See docs/cli.md for full reference.
| Example | Demonstrates |
|---|---|
greeter/ |
Minimal project structure |
pitchdeck_eval/ |
Multi-worker orchestration, PDF attachments |
calculator/ |
Custom Python tools |
approvals_demo/ |
Write approval for file operations |
code_analyzer/ |
Shell commands with approval rules |
web_searcher/ |
Server-side tools (web search) |
docs/concept.md— Design philosophydocs/cli.md— CLI referencedocs/worker_delegation.md— Worker-to-worker callsdocs/architecture.md— Internal designdocs/notes/— Working design notes and explorations
Experimental — Built on PydanticAI. APIs may change.

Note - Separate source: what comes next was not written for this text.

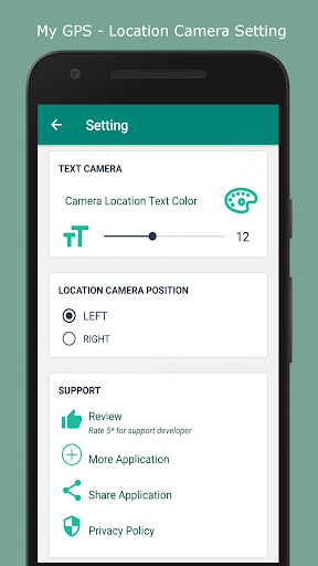 My GPS: la cámara de ubicación le proporciona la mejor ubicación disponible, según los datos de la ubicación. La aplicación para almacenar la ubicación GPS (latitud y longitud), donde sea que esté y también agregue la hora actual y la ubicación al capturar la cámara. De cualquier lugar dentro de la aplicación, puede compartir fácilmente sus datos actuales de ubicación a través de su aplicación de mensajería preferida. Sus amigos reciben su ubicación GPS y un enlace a los mapas de Google con su posición. Puede tomar una foto con el tiempo, la dirección y la ubicación de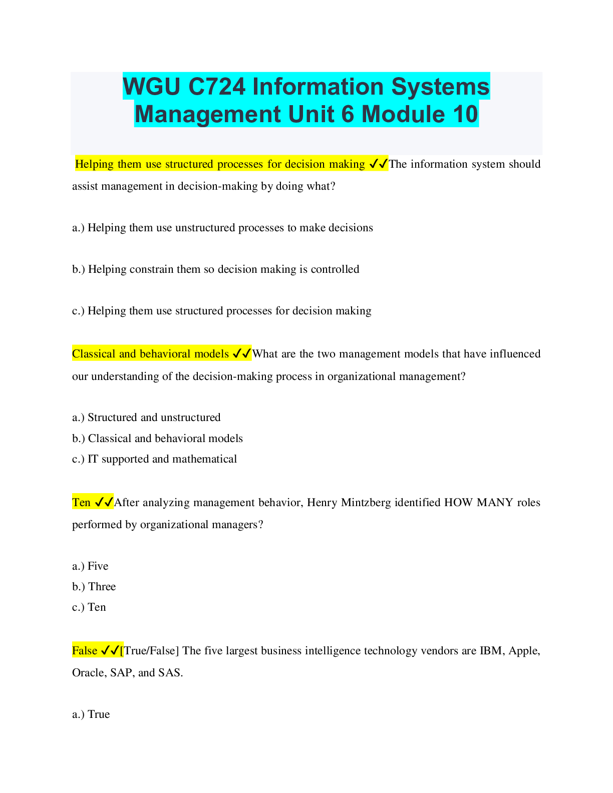 Management Information Systems (MIS) > QUESTIONS & ANSWERS > WGU C724 Information Systems Management Unit 6 Module 10 (All)

Working: Worker resolution, worker delegation, approvals, custom tools, templates.
TUI: The interactive terminal UI (Textual-based) is experimental. Use --headless for non-interactive mode.
Tool approvals reduce risk but aren't guarantees. Prompt injection can trick LLMs into misusing granted tools. Treat approvals as one layer of defense.
For real isolation, run llm-do in a container or VM.
PRs welcome! Run uv run pytest before committing. See AGENTS.md.